Given data:
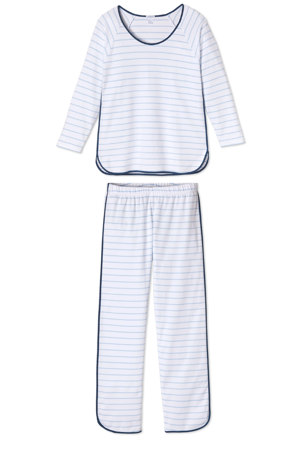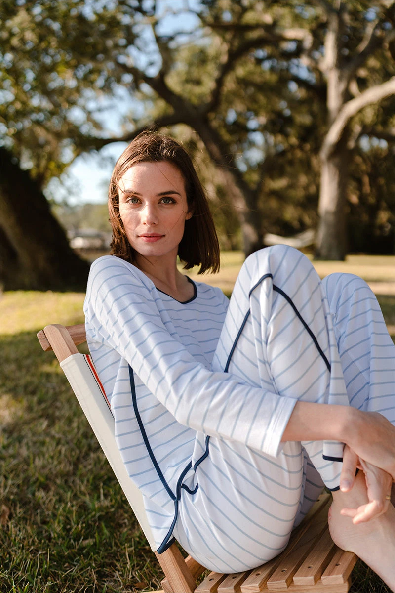 The Pima Long-Long Set in Marine, a light blue and white Breton stripe with navy trim, features a three-quarter sleeve scoop neck top and pants with an elastic waistband. Made from 100% Pima cotton.
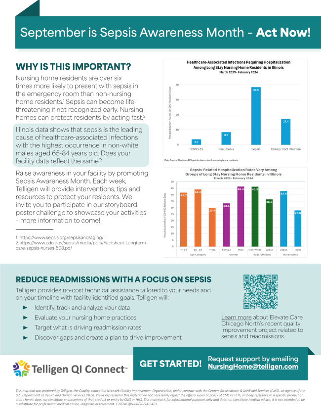 In 2011, September was designated as Sepsis Awareness Month, a time when healthcare professionals and organizations come together to raise awareness of this life-threatening emergency. Improve outcomes for the residents in your skilled care setting by participating and joining together in this effort to promote early detection and management. You can make a difference and save lives!
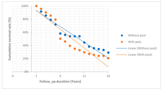 The findings indicated 10-year cumulative survival rates of around 44% for ETT with posts and 30% for ETT without posts. A comparison of studies may be difficult given the variances in methodologies, populations, materials, and follow-up periods. According to the literature, different factors affect the prognosis of ETT restored with posts. These factors include the material, length, and diameter of a post as well as the core material used [26,27]. In addition, Wegner et al. reported in their clinical study that remaining coronal walls can play a crucial role in the performance of posts and fracture resistance [28]. A long-term clinical evaluation by Raedel et al. showed a 10-year survival rate of 75.7% for teeth treated with cast posts and cores [29]. Many researchers have recommended that post placement be considered mainly for ETT with limited remaining coronal walls [30,31,32].
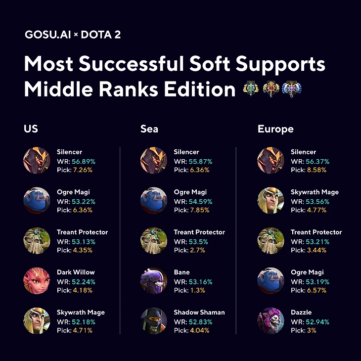 Привет! Сегодня мы хотим вам показать Софт саппортов с наибольшим вин рейтом на средних рангах. Как вы можете видеть, во всех регионах Silencer занимает лидирующую строчку. Изменения последних патчей, сделали этого персонажа эффективным как на стадии лайнинга, так и на более поздних этапах игры.
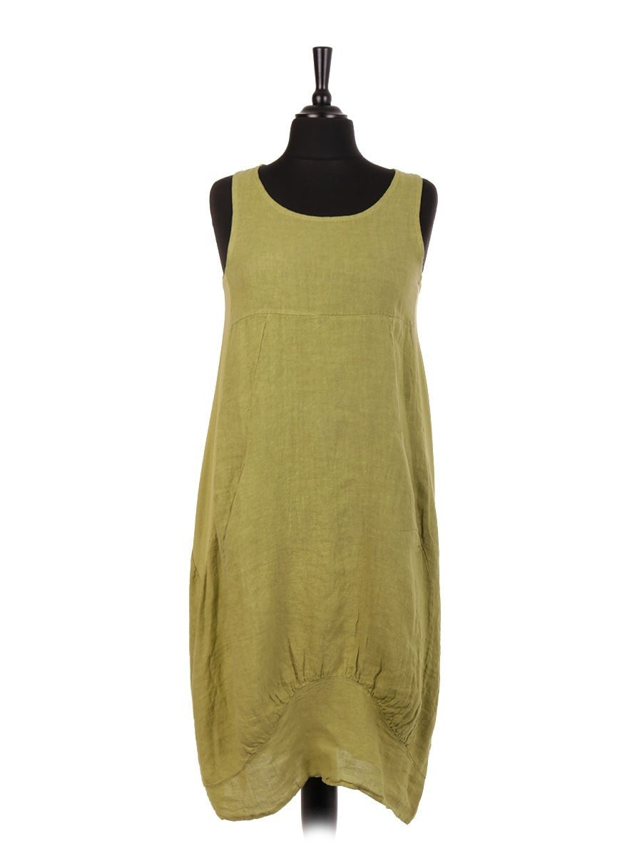 Crafted from premium Italian linen, this lime green Lagenlook dress features a distinctive side ribbed panel that enhances its relaxed silhouette. Designed for comfort and style, it offers breathable fabric ideal for warm weather while the ribbed detail adds subtle texture and visual interest. Perfect for those seeking an effortlessly elegant yet contemporary look.
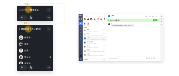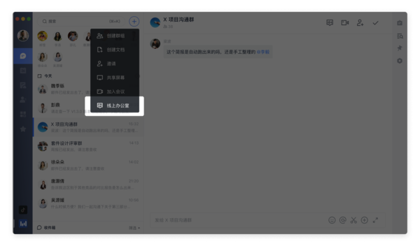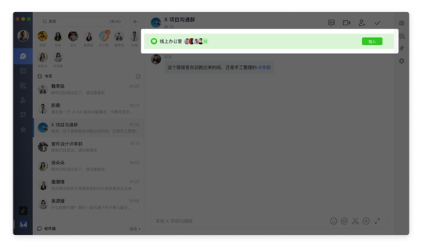方式1:点击聊天群右上角的线上办公室发起,群内成员可以通过点击加入进入。
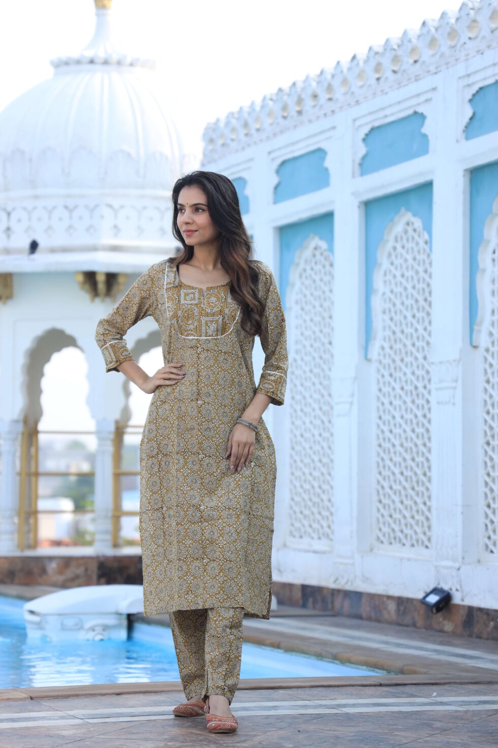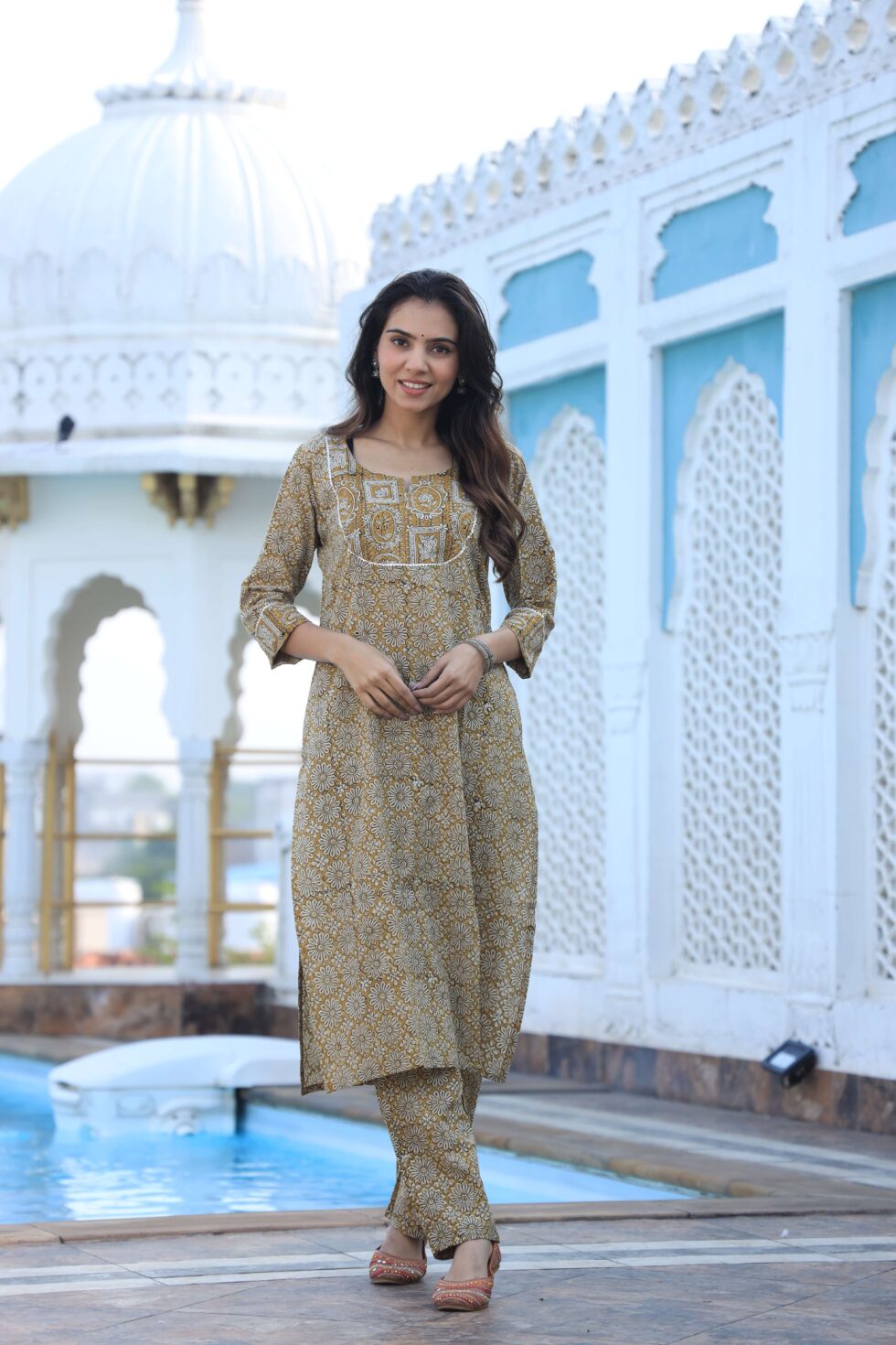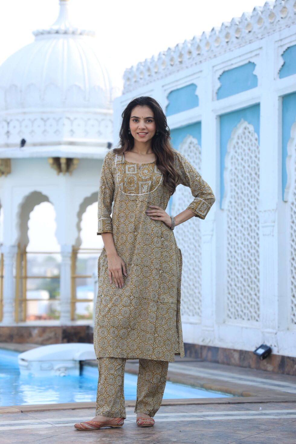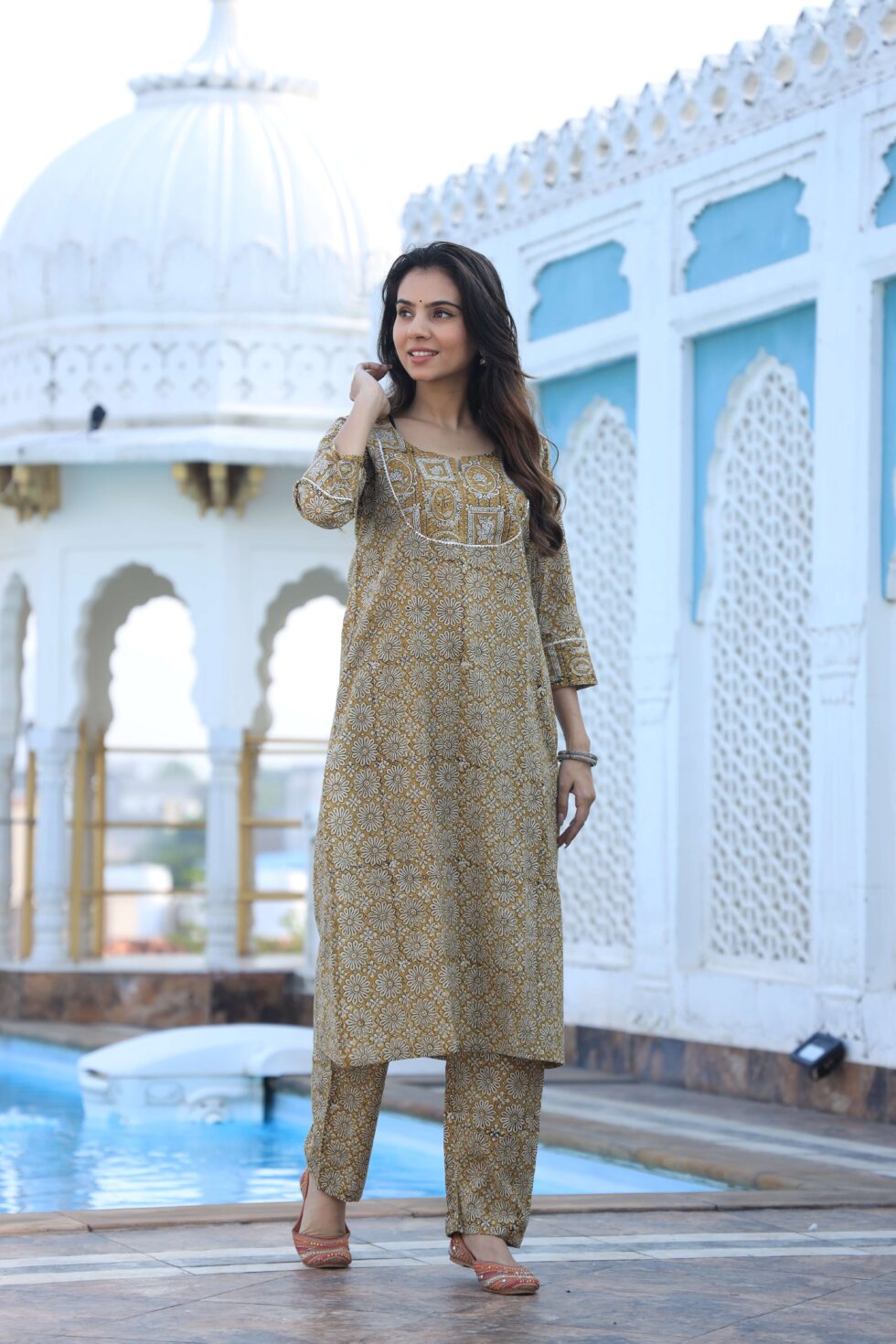 Teal printed cotton kurta set, crafted for women who love a balance of tradition and modern style. The kurta features all-over white handblock-inspired circular motifs, paired with a contrast striped yoke design that adds a chic touch to the outfit. Designed with a straight fit and 3/4th sleeves, this set offers effortless comfort and sophistication. The breathable cotton fabric makes it perfect for daily wear, office dressing, festive events, and semi-formal gatherings. It comes with matching printed pants, ensuring a complete coordinated look.
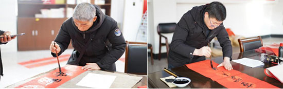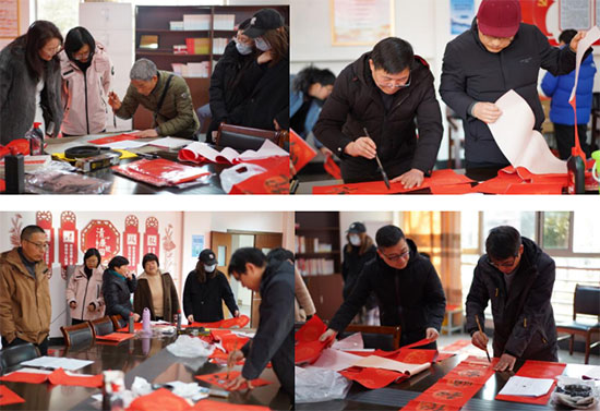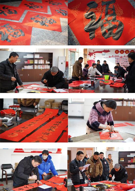 活動現場,墨香四溢,其樂融融。一張張大紅宣紙平整鋪展,老師們蘸墨揮毫,筆勢流動,一個個年味滿滿的“福”字,或蒼勁有力、古樸典雅,或一氣呵成、意趣天成,讓人嘆為觀止,引人嘖嘖稱贊。“國泰民安逢盛世,風調雨順頌華年”“喜居寶地千年旺,福照家門萬事興”,一幅幅寓意吉祥、喜氣十足的春聯,無不傳遞出祝福,溫暖著人心。老師們手捧著春聯,互相歡聲交談,致以新春的祝福,一同暢想學校新一年即將開啟的美好篇章。
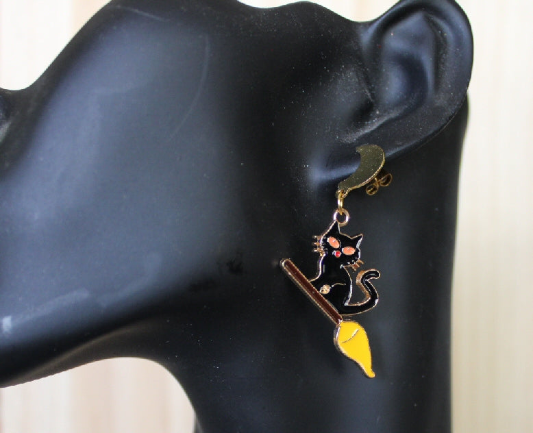 Add some whimsical charm to your look with these Flying Black Cat Posts. Featuring a playful black cat soaring on a broomstick beneath a glowing quarter moon, these earrings bring a hint of magic and mischief to any outfit. Lightweight and easy to wear, they’re perfect for cat lovers and Halloween enthusiasts alike. Let your style take flight!

Task to carry out: Would you please print out all the records above exactly, minus any pictures?

Answer space:
 The Pima Long-Long Set in Marine, a light blue and white Breton stripe with navy trim, features a three-quarter sleeve scoop neck top and pants with an elastic waistband. Made from 100% Pima cotton.
 In 2011, September was designated as Sepsis Awareness Month, a time when healthcare professionals and organizations come together to raise awareness of this life-threatening emergency. Improve outcomes for the residents in your skilled care setting by participating and joining together in this effort to promote early detection and management. You can make a difference and save lives!
 The findings indicated 10-year cumulative survival rates of around 44% for ETT with posts and 30% for ETT without posts. A comparison of studies may be difficult given the variances in methodologies, populations, materials, and follow-up periods. According to the literature, different factors affect the prognosis of ETT restored with posts. These factors include the material, length, and diameter of a post as well as the core material used [26,27]. In addition, Wegner et al. reported in their clinical study that remaining coronal walls can play a crucial role in the performance of posts and fracture resistance [28]. A long-term clinical evaluation by Raedel et al. showed a 10-year survival rate of 75.7% for teeth treated with cast posts and cores [29]. Many researchers have recommended that post placement be considered mainly for ETT with limited remaining coronal walls [30,31,32].
 Привет! Сегодня мы хотим вам показать Софт саппортов с наибольшим вин рейтом на средних рангах. Как вы можете видеть, во всех регионах Silencer занимает лидирующую строчку. Изменения последних патчей, сделали этого персонажа эффективным как на стадии лайнинга, так и на более поздних этапах игры.
 Crafted from premium Italian linen, this lime green Lagenlook dress features a distinctive side ribbed panel that enhances its relaxed silhouette. Designed for comfort and style, it offers breathable fabric ideal for warm weather while the ribbed detail adds subtle texture and visual interest. Perfect for those seeking an effortlessly elegant yet contemporary look.
方式1:点击聊天群右上角的线上办公室发起,群内成员可以通过点击加入进入。
 Teal printed cotton kurta set, crafted for women who love a balance of tradition and modern style. The kurta features all-over white handblock-inspired circular motifs, paired with a contrast striped yoke design that adds a chic touch to the outfit. Designed with a straight fit and 3/4th sleeves, this set offers effortless comfort and sophistication. The breathable cotton fabric makes it perfect for daily wear, office dressing, festive events, and semi-formal gatherings. It comes with matching printed pants, ensuring a complete coordinated look.
 活動現場,墨香四溢,其樂融融。一張張大紅宣紙平整鋪展,老師們蘸墨揮毫,筆勢流動,一個個年味滿滿的“福”字,或蒼勁有力、古樸典雅,或一氣呵成、意趣天成,讓人嘆為觀止,引人嘖嘖稱贊。“國泰民安逢盛世,風調雨順頌華年”“喜居寶地千年旺,福照家門萬事興”,一幅幅寓意吉祥、喜氣十足的春聯,無不傳遞出祝福,溫暖著人心。老師們手捧著春聯,互相歡聲交談,致以新春的祝福,一同暢想學校新一年即將開啟的美好篇章。
 Add some whimsical charm to your look with these Flying Black Cat Posts. Featuring a playful black cat soaring on a broomstick beneath a glowing quarter moon, these earrings bring a hint of magic and mischief to any outfit. Lightweight and easy to wear, they’re perfect for cat lovers and Halloween enthusiasts alike. Let your style take flight!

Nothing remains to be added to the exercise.